Valor Water Analytics
Our Team: Jingjue Wang, Kunal Kotian
Goal: Students trained a recurrent neural network to forecast water consumption and flagged unusual water meter readings by comparing the deviation of forecasts from true values. They wrote production code for a pipeline to extract and transform data, train deep learning models using TensorFlow, and generate forecasts for several water consumption time series.
Vida Health
Our Team: Nishan Madawanarachchi, Chengcheng Xu
Goal: Students predicted weight loss among customers using linear regression with R. On another project, they used logistic regression in Python to predict the urgency level of clients' messages using logistic regression in Python. They also built a chat bot which aimed to help new users with the onboarding process.
Voodoo Sports
Our Team: Ford Higgins, Ian Pieter Smeenk
Goal: Students contributed to a 'football genome' project for stylistic classification of teams using Python. They built a college basketball statistical model that builds on top of existing models in order to improve them and designed tools for football coaches to use to as an aid in scouting opposing teams. These projects were completed using Python, R, SQL and D3.js.
Vungle
Our Team: Deena Liz John, Patrick Yang
Goal: Students used Python, SQL and Looker to implement A:B testing at Vungle, revolving around the comparison of different ad templates, levels of compression, and more. They also aided in the development of an in-house A:B testing platform.
Wiser Solution
Our Team: Liz Chen, Yu Tian
Goal: Students developed an end-to-end pipeline in Python using computer vision and deep learning technologies for a company promotional product to recognize online promotions from images.
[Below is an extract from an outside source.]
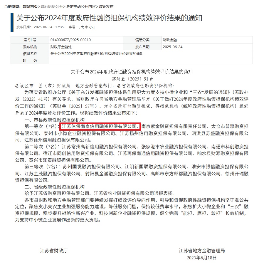 近日,江蘇省財(cái)政廳、省地方金融管理局聯(lián)合印發(fā)《關(guān)于公布2024年度政府性融資擔(dān)保機(jī)構(gòu)績(jī)效評(píng)價(jià)結(jié)果的通知》(蘇財(cái)金〔2025〕91號(hào)),全省共有23家市縣、省級(jí)政府性融資擔(dān)保機(jī)構(gòu)上榜,南京擔(dān)保再次榮登市縣政府性融資擔(dān)保機(jī)構(gòu)第一等次。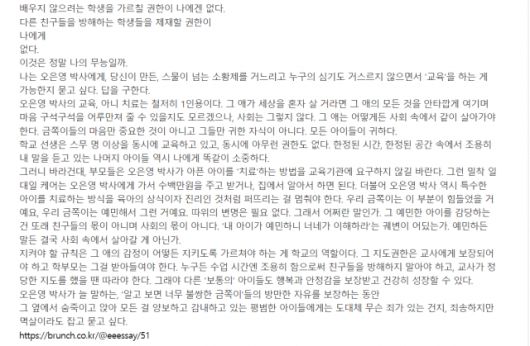 A씨는 끝으로 “나는 오은영 박사에게, 당신이 만든, 스물이 넘는 소황제를 거느리고 누구의 심기도 거스르지 않으면서 '교육'을 하는 게 가능한지 묻고 싶다”고 하며 “지켜야 할 규칙은 그 애의 감정이 어떻든 지키도록 가르쳐야 하는 게 학교의 역할이다. 그 지도권한은 교사에게 보장되어야 하고 학부모는 그걸 받아들여야 한다”고 말했다.

On another project, they deployed REST APIs into production and designed experiments to compare the results from different methods.
Xoom
Our Team: Vanessa Zheng
Goal: Students developed fraud detection models on a high-dimensional imbalanced dataset using Python. On another project, they devised and evaluated global risk metrics to monitor, condition and strengthen fraud models with SQL & Python.
Zipcar
Our Team: Sri Santhosh Hari
Goal: Students used time series techniques to forecast customer churn. Additionally, they used machine learning techniques like Random Forest and XGBoost to identify key features affecting bookings to predict members' likelihood of booking a car.